Last updated: 01.02.2020
These General Terms and Conditions for Consulting Services are between Searchmetrics GmbH (hereinafter referred to as “Searchmetrics”), Greifswalder Straße 212, 10405 Berlin, (District Court of Berlin-Charlottenburg HRB 111340 B) and the Customer, to the extent that no product- or service-specific conditions apply.
These Terms and Conditions shall only apply to businesses within the meaning of § 14 German Civil Code (BGB). A business is a natural or legal entity or legal partnership. These Terms and Conditions apply exclusively. Any deviating, conflicting or additional terms and conditions of the Customer do not apply even if Searchmetrics provides services without expressly disputing such Customer terms and conditions. Additional terms and conditions of Customer shall only then become an integral part if Searchmetrics expressly consented in writing to their validity. The Customer accepts these Terms and Conditions by placing the order. These Terms and Conditions also apply to future business relationships, whether or not this is expressly restated by the parties.

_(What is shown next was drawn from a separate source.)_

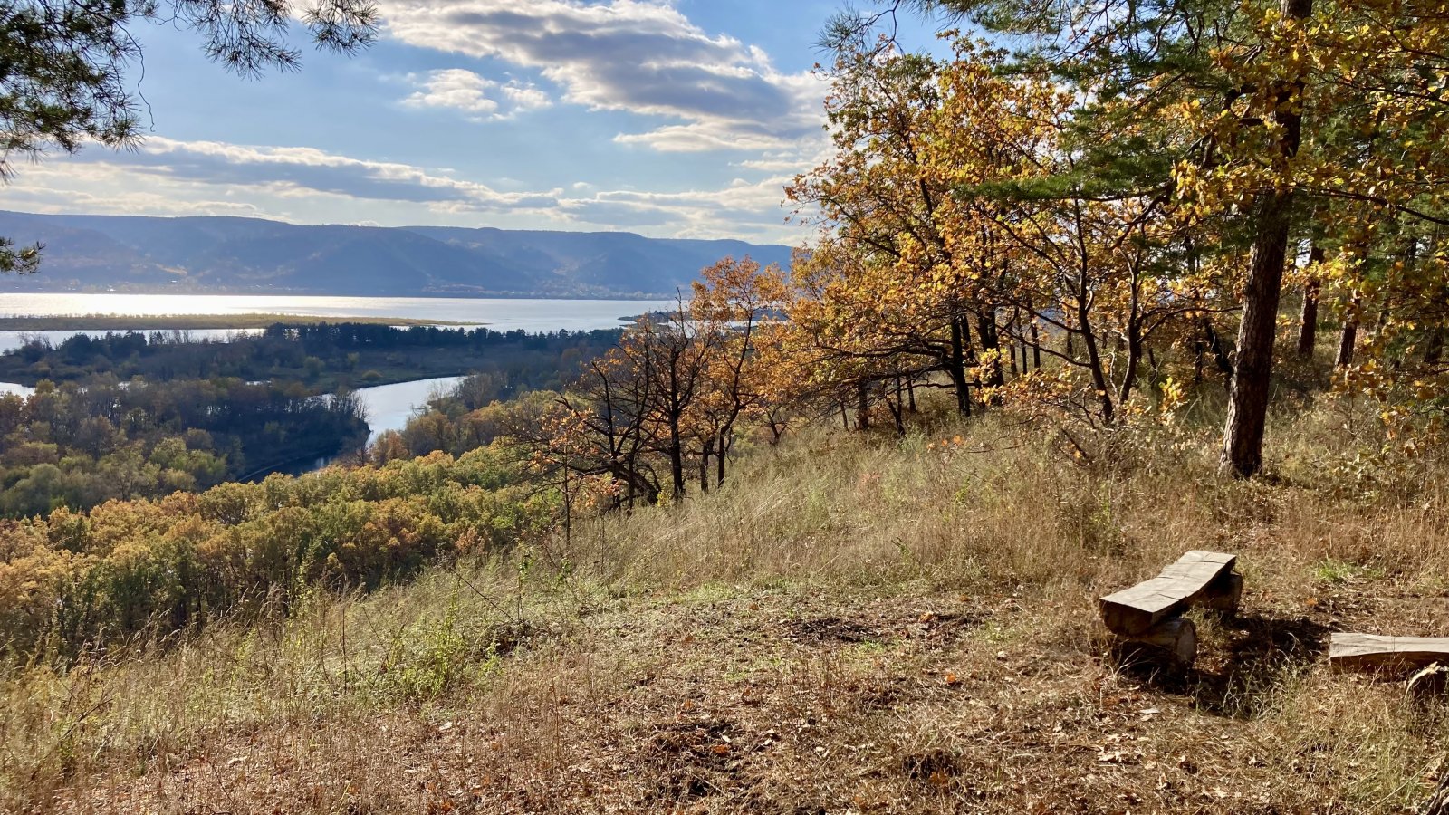 2 часть: выезжаем на видовую площадку «лавочки» с фантастическим видом на Жигули и Волгу с высоты птичьего полёта.

If any provision of the offer conflicts with the provisions of these Terms and Conditions, the provisions contained in the offer will govern to the extent of the conflict.

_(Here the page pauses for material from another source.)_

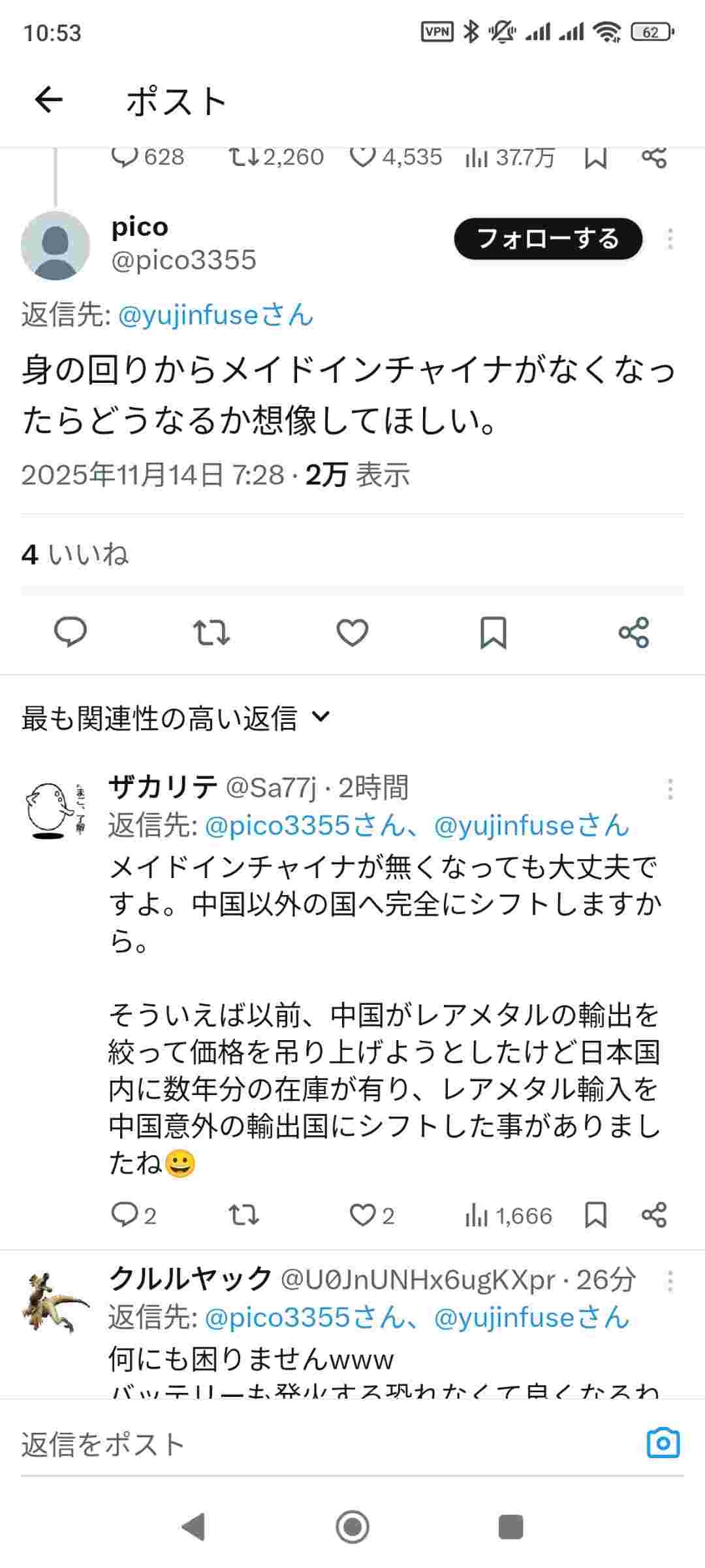 - 中国製品無くなっても大丈夫とか本気で言ってんのかな?

(1) Searchmetrics submits a written offer to Customer to conclude a contract.
(2) This offer requires signature for acceptance by the Customer.

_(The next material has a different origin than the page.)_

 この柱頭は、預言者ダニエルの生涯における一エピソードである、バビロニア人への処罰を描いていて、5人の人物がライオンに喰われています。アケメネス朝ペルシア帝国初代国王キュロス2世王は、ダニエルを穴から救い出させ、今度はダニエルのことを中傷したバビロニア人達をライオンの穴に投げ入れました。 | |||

(3) The contract between the Customer and Searchmetrics will be concluded once the signed offer has been received and accepted by Searchmetrics.
(1) Searchmetrics provides consulting services, the details of which, in particular the scope of coverage, are detailed in these Terms and Conditions and the offer
(2) Searchmetrics performs the services in a professional manner and consistent with applicable industry standards.
(1) The fees and payment terms are specified in the applicable offer.
(2) All fees are exclusive of VAT unless otherwise specified in the offer.
(3) Unless otherwise agreed, all fees are payable in advance without deductions plus VAT, if applicable.
(4) If the parties have not agreed to a specific remuneration, the fees for the Searchmetrics services provided will be calculated at a daily rate in accordance with the Searchmetrics price list in force at the time of the contract.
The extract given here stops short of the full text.